La reconnaissance institutionnelle, en revanche, demeure partielle et inachevée. Depuis la résolution du Parlement européen du 15 avril 2015, des avancées ont été engagées. Celle-ci appelait les États membres à reconnaître ce génocide et à instituer une journée de commémoration le 2 août. Cette date correspond à la nuit du 2 au 3 août 1944, au cours de laquelle les familles tsiganes internées au camp d’Auschwitz-Birkenau ont été exterminées, au nombre d’environ 6 000 personnes. Elle constitue désormais un repère mémoriel à l’échelle du continent.

Pourtant, plus de dix ans après, la France demeure dans une situation marquée par des hésitations persistantes à assumer pleinement cette mémoire. Certes douloureuse et difficile, elle fait partie intégrante de notre histoire. L’assumer ne nous rend pas coupables et ne nous affaiblit pas. Au contraire, cela nous renforce et témoigne de notre sens des responsabilités, dans ses parts les plus sombres comme dans ses aspects les plus lumineux. Cette reconnaissance nous oblige à affronter les effets de cette stigmatisation, passés comme présents, et à dépasser les formes actuelles de ces discriminations.

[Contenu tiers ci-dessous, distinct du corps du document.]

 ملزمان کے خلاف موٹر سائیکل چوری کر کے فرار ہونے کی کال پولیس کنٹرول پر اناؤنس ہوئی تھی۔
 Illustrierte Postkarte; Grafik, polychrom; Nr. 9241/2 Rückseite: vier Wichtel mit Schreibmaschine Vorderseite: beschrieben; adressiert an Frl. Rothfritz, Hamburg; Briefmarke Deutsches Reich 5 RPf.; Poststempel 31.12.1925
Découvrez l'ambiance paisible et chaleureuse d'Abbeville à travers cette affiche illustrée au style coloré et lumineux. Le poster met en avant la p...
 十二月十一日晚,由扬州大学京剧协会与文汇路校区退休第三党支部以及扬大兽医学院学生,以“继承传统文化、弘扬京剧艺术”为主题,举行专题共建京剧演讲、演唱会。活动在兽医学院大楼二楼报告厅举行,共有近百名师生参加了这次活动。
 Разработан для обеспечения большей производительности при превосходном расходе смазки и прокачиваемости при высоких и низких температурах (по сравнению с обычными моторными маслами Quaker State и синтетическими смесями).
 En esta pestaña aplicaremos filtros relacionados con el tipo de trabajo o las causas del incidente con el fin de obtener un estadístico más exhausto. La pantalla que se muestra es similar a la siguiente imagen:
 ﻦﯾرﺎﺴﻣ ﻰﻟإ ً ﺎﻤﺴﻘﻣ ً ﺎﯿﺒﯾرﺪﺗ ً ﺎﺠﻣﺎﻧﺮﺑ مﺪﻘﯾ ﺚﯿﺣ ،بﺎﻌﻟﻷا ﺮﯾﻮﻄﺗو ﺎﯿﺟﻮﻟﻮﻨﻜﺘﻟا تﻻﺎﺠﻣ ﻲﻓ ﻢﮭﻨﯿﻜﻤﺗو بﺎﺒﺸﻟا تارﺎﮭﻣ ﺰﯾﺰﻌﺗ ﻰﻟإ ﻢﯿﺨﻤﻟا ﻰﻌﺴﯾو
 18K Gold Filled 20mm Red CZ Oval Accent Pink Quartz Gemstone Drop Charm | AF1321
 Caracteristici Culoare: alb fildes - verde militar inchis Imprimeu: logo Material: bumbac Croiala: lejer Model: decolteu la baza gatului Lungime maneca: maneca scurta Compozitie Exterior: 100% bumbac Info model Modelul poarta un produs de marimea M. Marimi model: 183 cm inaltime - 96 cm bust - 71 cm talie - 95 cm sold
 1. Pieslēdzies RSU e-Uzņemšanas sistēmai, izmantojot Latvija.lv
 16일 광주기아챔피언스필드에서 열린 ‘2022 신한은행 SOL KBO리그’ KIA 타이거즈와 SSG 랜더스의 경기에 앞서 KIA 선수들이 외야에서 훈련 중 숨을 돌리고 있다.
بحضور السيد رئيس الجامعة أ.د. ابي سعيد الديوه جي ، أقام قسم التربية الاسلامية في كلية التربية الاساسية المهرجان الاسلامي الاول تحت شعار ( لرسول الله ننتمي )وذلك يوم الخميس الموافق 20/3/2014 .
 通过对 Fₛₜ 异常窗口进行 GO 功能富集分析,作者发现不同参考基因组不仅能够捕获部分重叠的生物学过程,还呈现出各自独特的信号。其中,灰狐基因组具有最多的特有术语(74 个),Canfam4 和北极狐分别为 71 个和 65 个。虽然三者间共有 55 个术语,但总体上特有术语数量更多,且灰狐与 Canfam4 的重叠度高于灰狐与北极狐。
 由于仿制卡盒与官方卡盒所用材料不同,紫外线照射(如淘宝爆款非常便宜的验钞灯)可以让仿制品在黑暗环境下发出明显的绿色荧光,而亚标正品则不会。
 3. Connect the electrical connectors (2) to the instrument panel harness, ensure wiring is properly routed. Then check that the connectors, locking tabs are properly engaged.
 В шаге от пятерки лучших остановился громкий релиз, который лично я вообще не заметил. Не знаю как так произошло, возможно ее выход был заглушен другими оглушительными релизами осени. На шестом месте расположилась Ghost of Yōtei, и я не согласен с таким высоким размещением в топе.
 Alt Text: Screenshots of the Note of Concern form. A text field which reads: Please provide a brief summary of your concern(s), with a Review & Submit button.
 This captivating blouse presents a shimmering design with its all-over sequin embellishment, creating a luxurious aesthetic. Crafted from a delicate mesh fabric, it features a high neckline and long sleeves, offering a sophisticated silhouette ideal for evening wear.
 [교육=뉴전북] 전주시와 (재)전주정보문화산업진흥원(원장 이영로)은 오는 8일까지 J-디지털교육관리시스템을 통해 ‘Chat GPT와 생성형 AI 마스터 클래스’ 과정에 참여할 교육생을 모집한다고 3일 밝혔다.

Nous vous proposons donc aujourd’hui, ce texte étant lui-même d’origine transpartisane, d’avancer collectivement. Plusieurs collègues ont contribué à ce travail, notamment Ersilia Soudais et Olivier Faure, parmi d’autres.

Après avoir auditionné des historiennes et historiens, des représentants de l’État et des associations, nous proposons de reconnaître, d’une part, le génocide perpétré à l’échelle européenne, fondé sur une logique d’extermination et, d’autre part, les persécutions mises en œuvre en France, relevant principalement de logiques de contrôle, d’exclusion et d’internement. Il convient également de souligner que ces persécutions trouvent leur origine bien avant l’offensive nazie.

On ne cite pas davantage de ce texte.